Just one day after the Iran conflict began, that calculus has already changed in the Middle East.

Before the U.S. launched its strikes, Vice President JD Vance told The Washington Post on there was “no chance” the U.S. would be in a years-long conflict, describing himself as a “skeptic of foreign military interventions.” Nonetheless, in a video address to the nation without the White House press corps present, Trump laid out expansive goals in America’s undertaking of a “massive and ongoing” operation in Iran, including preventing Iran from destabilizing the region through its network of proxy terrorist groups, building up its missile arsenal, or obtaining a nuclear weapon.

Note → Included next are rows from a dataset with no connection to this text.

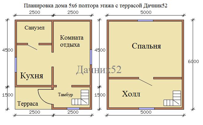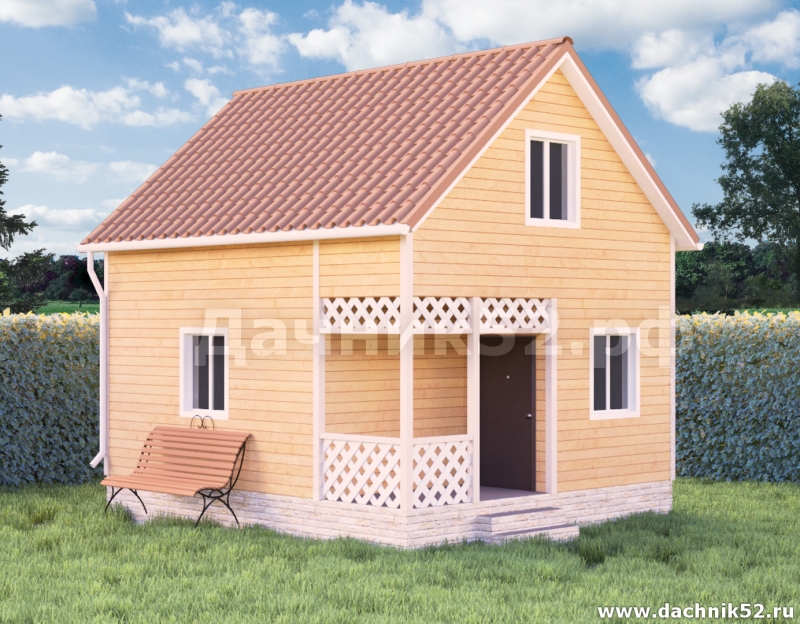 Каркасный дачный дом 5 х 6 полтора этажа с санузлом, террасой Кремёнки 10.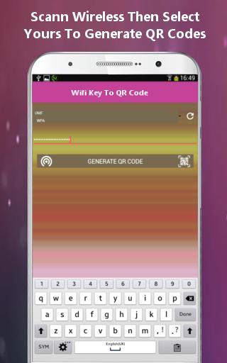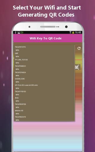 without worrying that others can see your wifi passcode and use your Wifi without your knowledge, but with Wireless QR code images easily enables you to share your WiFi network password. Your guest can scan these QR codes Reader with WIFI QR code scanner to let them join your Wifi network Connection easily with your Android smart Phone display to without typing anything Like Passcode/ Password at all, and it doesn't matter at all how complicated and how long is your password. Just Generate, Scan & get connect with Available Wifi Connection in your Surrounding! If your avail device is rooted !!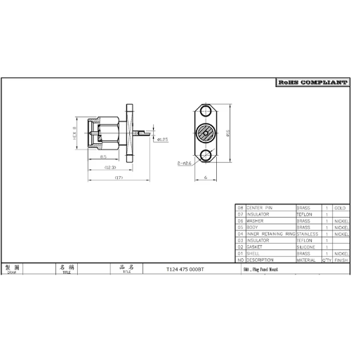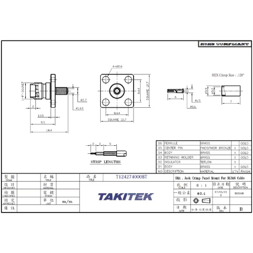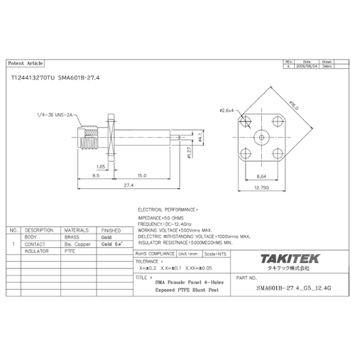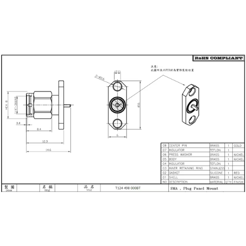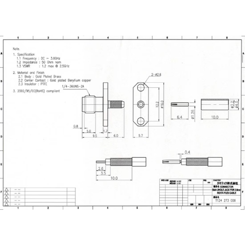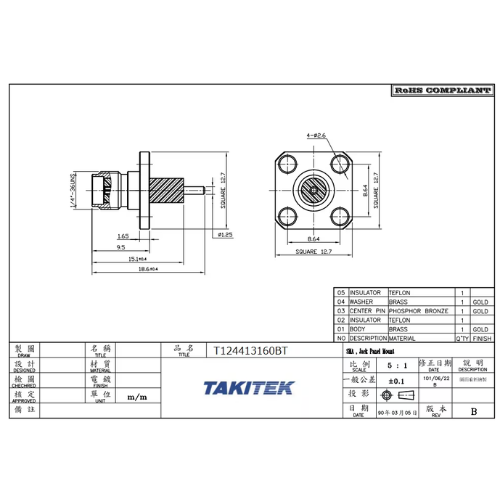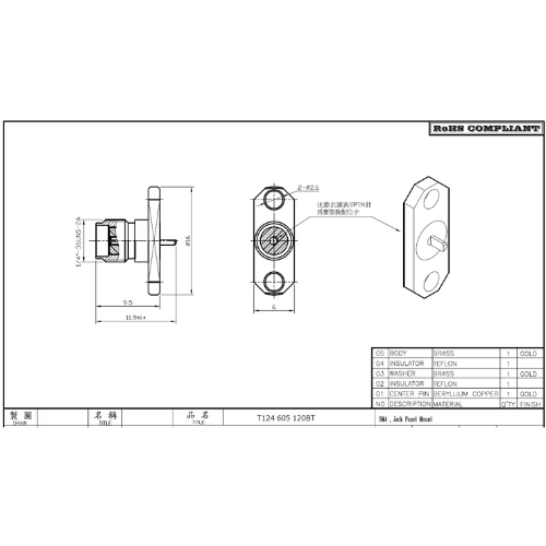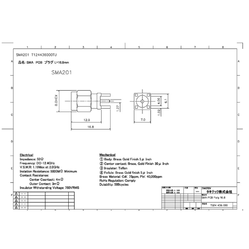 T124436000 SMA PCB ライトアングル ジャック 全長16.8mm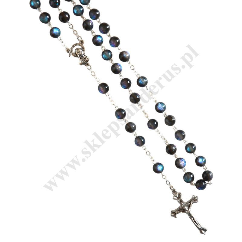Różaniec wykonany z tworzywa sztucznego i metalu. Długość różańca 54 cm, średnica koralika ok. 8 mm

Khamenei was the architect of militant groups informally known as the “Axis of Resistance” — including Hezbollah in Lebanon, the Houthis in Yemen and Hamas in Gaza, as well as smaller groups in Iraq — that are aligned against the United States, Israel and Saudi Arabia to protect Iran’s influence in the region. In an interview with MS NOW’s Mychael Schnell and Laura Barrón-López, Trump celebrated his death as “a great thing for our country.” He also referred to Khamenei, who also sponsored the slogan “Death to America,” as a “bad man.”

Iranians are celebrating the strikes as their hopes rise that it could precipitate the toppling of the oppressive regime over its people. Thousands reportedly died in mass protests that began late last year against the government and the country’s suffering economy. The president, in his call with MS NOW, repeatedly referred to celebrations by Iranian Americans occurring in Los Angeles, California, and elsewhere around the world.

The president ended his address to Americans with a message to the Iranian people. “The hour of your freedom is at hand,” he said. “Bombs will be dropping everywhere. When we are finished, take over your government. It will be yours to take. This will be probably your only chance for generations.”